Since this course material is aimed at courses introducing computers and information technology, and is quite focused around working in the terminal (in your shell/command line interpreter), you need to install some software which allows you to have a common environment with your course peers and teachers.

The basic requirement for this course is thus a terminal running a shell, and we have chosen Bash as the shell.

It is in this shell (command line interpreter) you will do most of the work such as exercises, workshops and assignments in the course material.

You also need a web browser and an editor (for editing plain text files) in order to complete the course material.

You cannot follow this course material if you have a Chrome Book with Chrome OS. You need Windows, Mac OS X or GNU/Linux (or Unix).

First choice

For macOS and Windows users

GNU: GNU's Not Unix

The first choice for MacOS and Windows users is to have Ubuntu running on VirtualBox.

Ubuntu is a Linux distribution. We recommend installing Ubuntu on a virtual machine using Oracle VirtualBox (which is free software), so that you can keep your native OS and start a virtual machine whenever you want to run Ubuntu during class. Your computer's OS will be the "host" OS and Ubuntu will then be "guest" OS in the tutorials and manuals below. Make sure to give the guest (Ubuntu) at least 2500 MB as RAM (set Base Memory to around 2500) and a disk with Virtual Size 20 GB (or higher).
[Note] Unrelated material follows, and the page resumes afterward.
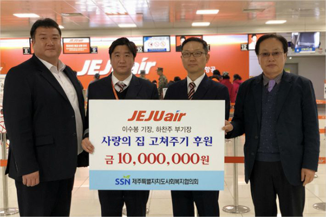 지난 21일 제주국제공항에서 제주항공 이수봉 기장님과 하찬주 부기장님께서 협의회 주거환경 개선 사업에 사용해 달라며 1000만원을 기탁해주셨습니다.

More about setting up VirtualBox here:

The main reason for installing Ubuntu for this course material, is to give our students a uniform computer environment, in particular for the parts involving working in the terminal with the Bash shell (a shell is a command interpreter) and a range of commands/programs meant to be run from a terminal. However, as a bonus, you will probably learn a lot about computers and operating systems from installing Ubuntu from scratch. Knowing about virtualization is also good, and this is why we recommend this setup.

For GNU/Linux users

Well, you're ready to go and don't need to do anything. Just make sure you are running Bash in one of your terminals.

Second and third choice

Mac OS

If you cannot get VirtualBox up and running Ubuntu on your Mac, you will be fine with your Mac terminal. But make sure you install the latest version of Bash and Homebrew (or MacPorts). Instructions for Mac OS is available here.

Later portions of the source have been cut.